Rustenburg si trova al centro di un’area costellata di miniere di platino, come quella di Phokeng. L’area è abitata da una delle principali comunità indigene della regione, i Royal Bafokeng, spazzati via dalla furia del guerriero zulu Mzilikazi, la cui tomba si trova appunto a Phokeng. Non fatevi mancare il pranzo in uno shebeen locale (taverna): pap, una specie di polenta tradizionale, stufato di carne e morogo (cipolle e verdure) e umqombothi, birra fatta in casa.

Cercate di arrivare al Villaggio culturale Lesedi prima delle 16,30 per non favi sfuggire lo spettacolo nel boma, il recinto di canne nel quale si esibiscono danzatori e suonatori tradizionali. Lasciatevi travolgere dal ritmo,dai canti, dai balli!

Un altro appuntamento da segnare in agenda è alla diga Hartbeespoort. Qui protagonisti sono gli elefanti. Al Plumari Game Lodge o alle 8 all’Elephant Sanctuary è anche possibile cavalcare i pachiderma e poi osservarli mentre mangiano o sguazzano in acqua. Un’alternativa è una breve escursione in funivia per ammirare la diga dall’alto a 360°.

Alle 11, i pellicani e i pinguini danno spettacolo nell’Acquario di Hartbeespoort, mentre a mezzogiorno potete ammirare lo spettacolo di foche e serpenti nel Parco dei serpenti e degli animali di Hartbeespoort. Se avvertite un languorino, recatevi al  Silver Orange Bistro: anatra con fichi, malva pudding (torta di albicocche) con frammenti di morbidi toffee, sorbetto di kumquat, sono alcune delle specialità servite.

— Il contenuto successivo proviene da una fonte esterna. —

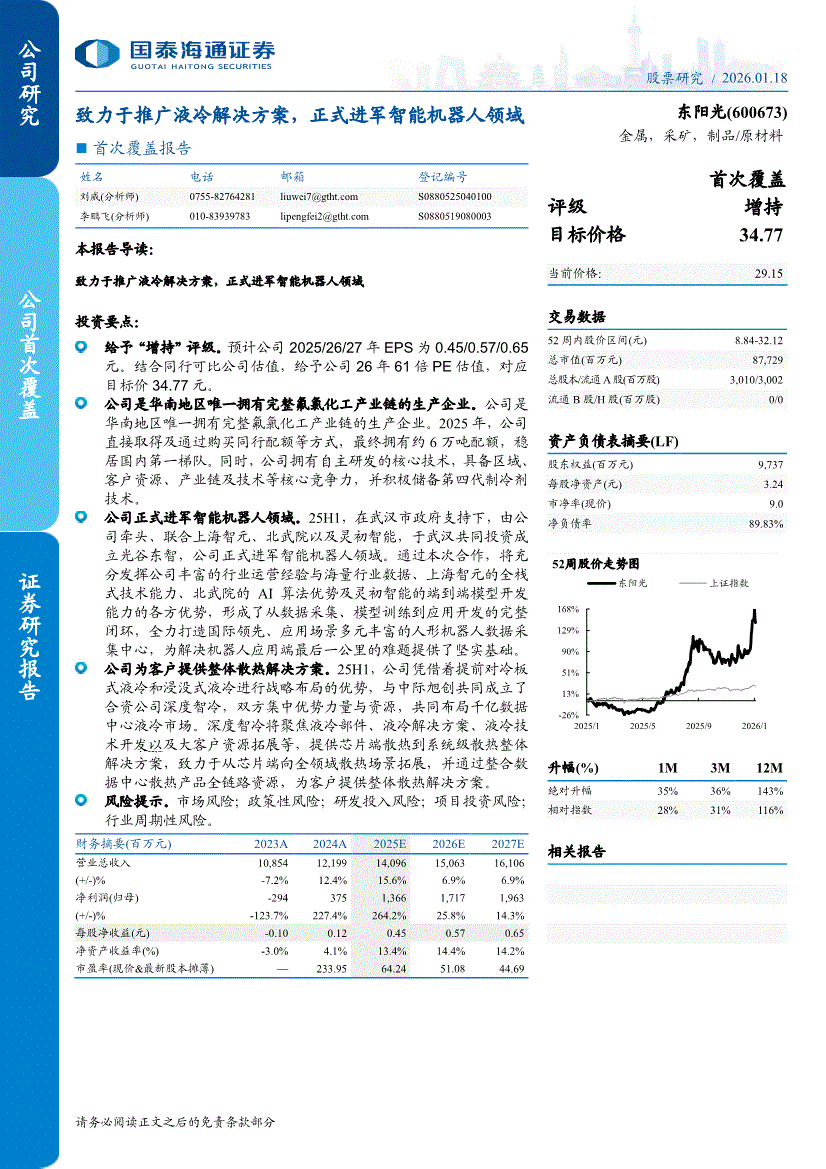 东阳光:国泰海通证券-东阳光-600673-首次覆盖报告:致力于推广液冷解决方案,正式进军智能机器人领域-260118

Dopo tutti questi spettacoli, serve un momento di pausa! Un braai (barbecue sudafricano) a bordo di un battello che attraversa il lago artificiale della diga, shopping al mercato di Welwitschia Country o nel Chameleon Village o una degustazione  di distillati  d’agrumi nelle cantine di Monate Struiskelders.

A soli 84 km da Rustenburg eccovi a Groot Marico: sosta d’obbligo all’Information Centre per assaggiare il mampoer, potente distillato di frutta; Attenzione! Con un contenuto alcolico del 64%, prende fuoco non appena vi si avvicina un fiammifero acceso. Al River Still Farm rifocillatevi con un pasto in tradizionale stile boerekos (cioè di campagna) e rilassatevi ascoltando la lettura di un breve racconto dello scrittore sudafricano Herman Charles Bosman. Non trascurate la visita del cosiddetto Occhio di Marico (Eye of Marico), una sorgente profonda 17 m da cui sgorga un’acqua purissima.

Vredefort Dome

A due ore d’auto da Rustenburg si apre il Vredefort Dome, sito dichiarato dall’Unesco Patrimonio dell’Umanità (Tourism North West – Cultural Heritage). Un meteorite delle dimensioni della Montagna della Tavola caduto circa 2000 milioni di anni ha scavato un cratere del diametro di 40 km. L’area protetta chiamata Vredefort Dome Conservancy è luogo ideale per praticare sport acquatici e non solo: rafting, canoa, discesa a corda doppia e  arrampicate su roccia. Un altro sito Patrimonio dell’Umanità è  Taung (Taung Heritage Site) ove fu ritrovato il cranio fossilizzato di un bambino risalente a 2 milioni di anni fa, un’altra tessera fondamentale al mosaico di ipotesi sulle origini dell’uomo, confermando ancora  una volta che l’Africa è la culla del genere umano. A sudest di Rustenburg, si trova quello che è senza dubbio il più importante sito paleontologico al mondo – le caverne di Sterkfontein con la grotta sotterranea dove furono rinvenuti due celebri fossili di ominidi –Mrs Ples e Little Foot. Dall’altro lato della valle, si visita Maropeng, la cui fama è dovuta all’insolito edificio a forma di tumulo e alle affascinanti e divertenti installazioni che illustrano la storia e la sociologia del genere umano; merita una visita anche la vicina Wonder Cave (grotta delle meraviglie), che risale a 2200 milioni di anni fa.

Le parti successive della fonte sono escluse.